## [About this task]
Take the lines below from the one with "Размер: 40 25,5см, 41" through the one with "據(jù)了解,信陽(yán" and print only them, exactly. Don't print the pictures.

The records START

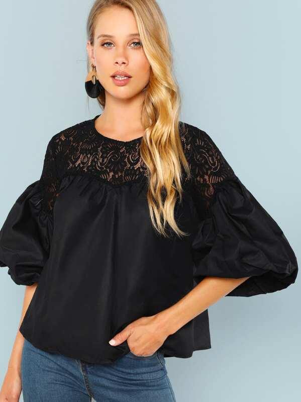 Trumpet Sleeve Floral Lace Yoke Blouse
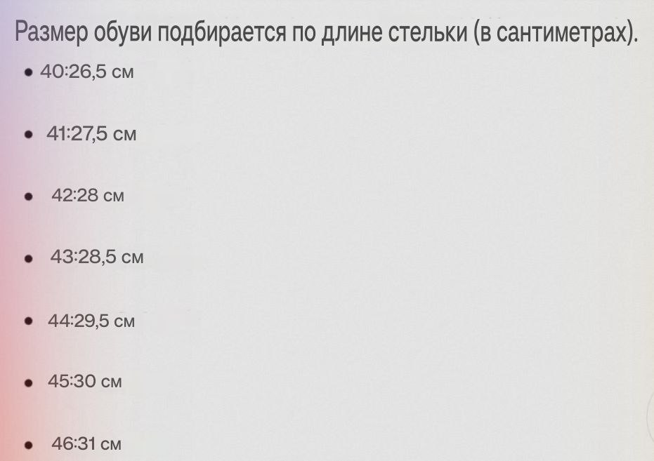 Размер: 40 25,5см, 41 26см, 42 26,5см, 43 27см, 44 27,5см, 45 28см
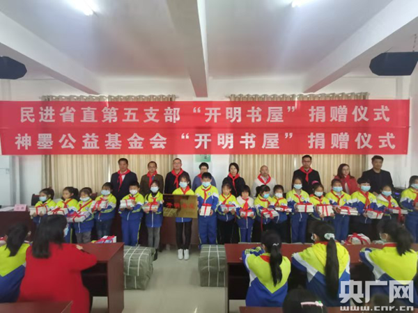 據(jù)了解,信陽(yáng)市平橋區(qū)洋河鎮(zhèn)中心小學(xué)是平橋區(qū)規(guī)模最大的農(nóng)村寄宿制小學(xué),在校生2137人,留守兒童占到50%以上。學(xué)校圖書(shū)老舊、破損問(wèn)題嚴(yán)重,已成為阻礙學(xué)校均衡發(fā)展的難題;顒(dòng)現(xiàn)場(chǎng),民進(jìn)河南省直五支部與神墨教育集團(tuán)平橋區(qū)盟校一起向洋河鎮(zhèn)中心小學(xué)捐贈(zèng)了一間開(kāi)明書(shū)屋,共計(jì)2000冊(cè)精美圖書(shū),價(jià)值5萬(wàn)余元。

The records END
The records START

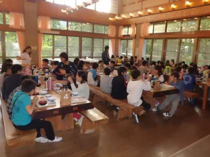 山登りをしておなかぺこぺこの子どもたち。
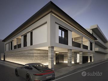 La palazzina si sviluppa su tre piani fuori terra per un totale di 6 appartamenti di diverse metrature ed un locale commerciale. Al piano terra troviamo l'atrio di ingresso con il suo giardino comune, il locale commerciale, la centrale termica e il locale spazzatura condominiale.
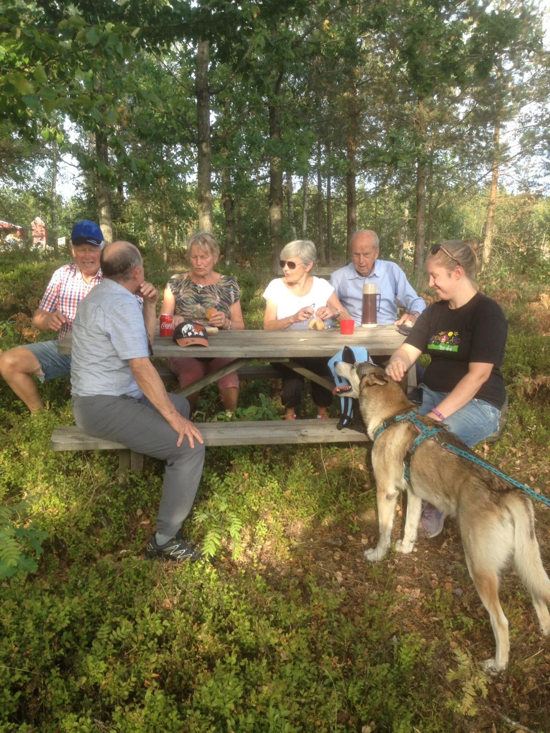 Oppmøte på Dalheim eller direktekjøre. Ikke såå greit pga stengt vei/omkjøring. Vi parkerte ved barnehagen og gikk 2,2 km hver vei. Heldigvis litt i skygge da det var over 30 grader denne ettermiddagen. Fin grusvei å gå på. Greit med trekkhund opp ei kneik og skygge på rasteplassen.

The records END
The records START

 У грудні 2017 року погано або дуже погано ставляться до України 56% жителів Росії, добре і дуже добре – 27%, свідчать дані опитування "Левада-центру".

The records END

## [Finished task]
 Размер: 40 25,5см, 41 26см, 42 26,5см, 43 27см, 44 27,5см, 45 28см
 據(jù)了解,信陽(yáng)市平橋區(qū)洋河鎮(zhèn)中心小學(xué)是平橋區(qū)規(guī)模最大的農(nóng)村寄宿制小學(xué),在校生2137人,留守兒童占到50%以上。學(xué)校圖書(shū)老舊、破損問(wèn)題嚴(yán)重,已成為阻礙學(xué)校均衡發(fā)展的難題;顒(dòng)現(xiàn)場(chǎng),民進(jìn)河南省直五支部與神墨教育集團(tuán)平橋區(qū)盟校一起向洋河鎮(zhèn)中心小學(xué)捐贈(zèng)了一間開(kāi)明書(shū)屋,共計(jì)2000冊(cè)精美圖書(shū),價(jià)值5萬(wàn)余元。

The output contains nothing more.